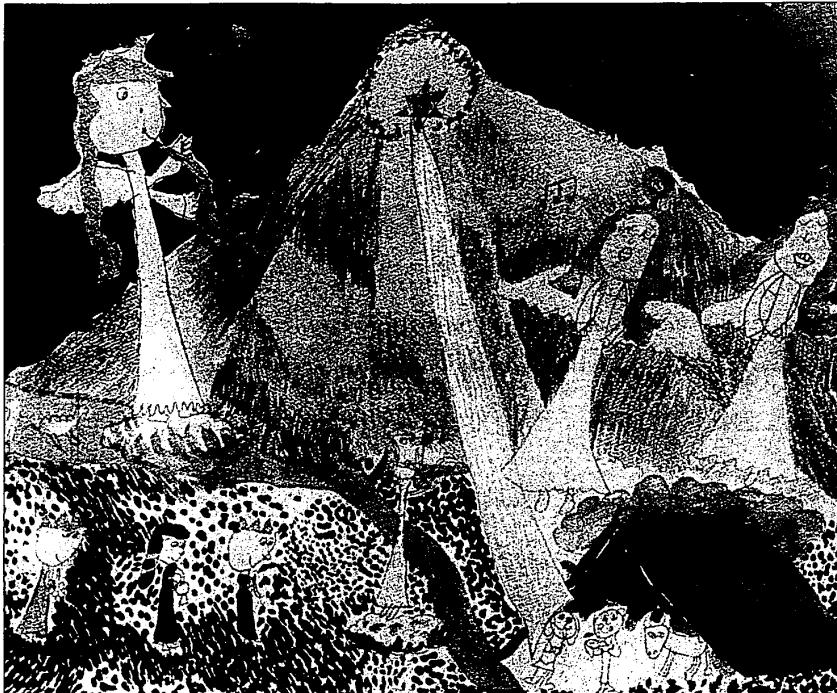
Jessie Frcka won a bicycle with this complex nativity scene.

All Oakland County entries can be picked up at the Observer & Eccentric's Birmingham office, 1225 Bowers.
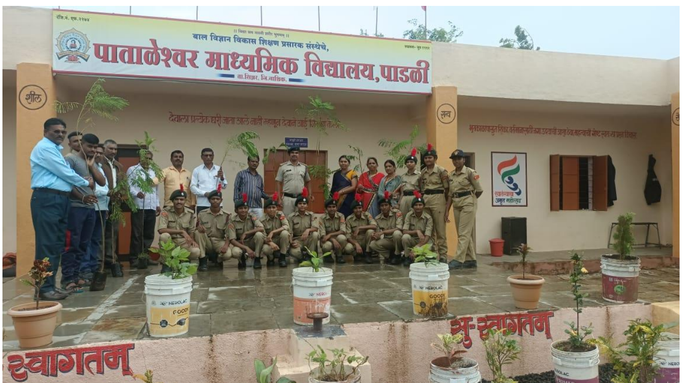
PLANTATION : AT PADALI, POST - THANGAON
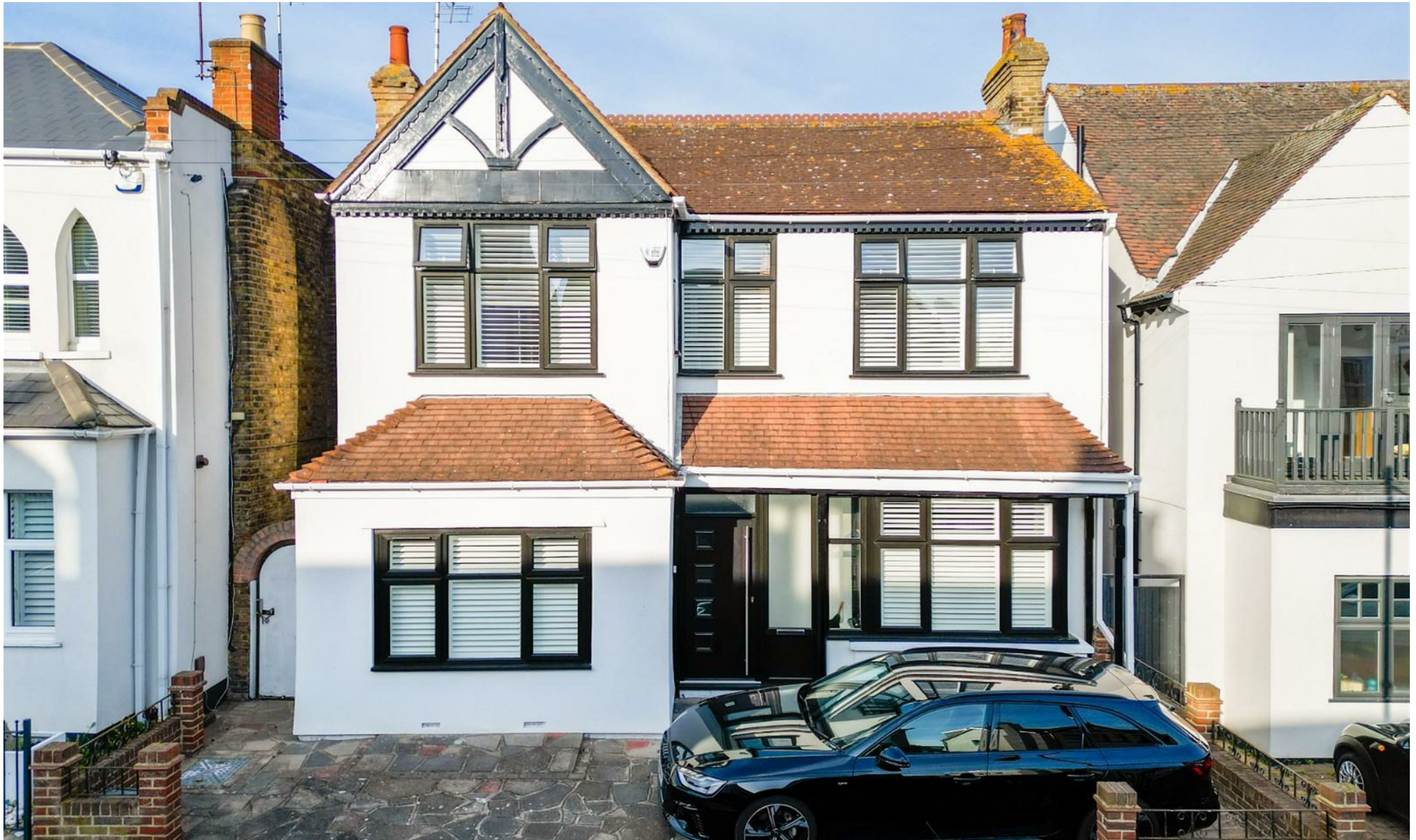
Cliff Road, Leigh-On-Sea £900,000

...

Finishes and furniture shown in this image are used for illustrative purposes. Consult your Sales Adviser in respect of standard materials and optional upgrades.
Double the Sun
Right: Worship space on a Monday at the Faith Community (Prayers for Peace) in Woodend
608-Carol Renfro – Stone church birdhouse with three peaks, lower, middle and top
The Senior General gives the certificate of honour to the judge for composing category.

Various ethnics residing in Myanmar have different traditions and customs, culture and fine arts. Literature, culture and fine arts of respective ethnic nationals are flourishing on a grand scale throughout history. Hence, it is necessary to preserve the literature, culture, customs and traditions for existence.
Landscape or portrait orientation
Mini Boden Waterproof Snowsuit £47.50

==

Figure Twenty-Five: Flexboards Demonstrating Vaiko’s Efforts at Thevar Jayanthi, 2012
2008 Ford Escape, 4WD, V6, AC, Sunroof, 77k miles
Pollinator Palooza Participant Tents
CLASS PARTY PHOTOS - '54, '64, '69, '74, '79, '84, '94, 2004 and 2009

◆ TASK DIRECTIONS: From the listing above, return the lines starting at the one with "Double the Sun" and ending at the one with "Mini Boden Waterproof Snowsuit £47.50", both kept, exactly as they appear and nothing more.

◆ ANSWER TO THE EXERCISE:
Double the Sun
Right: Worship space on a Monday at the Faith Community (Prayers for Peace) in Woodend
608-Carol Renfro – Stone church birdhouse with three peaks, lower, middle and top
The Senior General gives the certificate of honour to the judge for composing category.

Various ethnics residing in Myanmar have different traditions and customs, culture and fine arts. Literature, culture and fine arts of respective ethnic nationals are flourishing on a grand scale throughout history. Hence, it is necessary to preserve the literature, culture, customs and traditions for existence.
Landscape or portrait orientation
Mini Boden Waterproof Snowsuit £47.50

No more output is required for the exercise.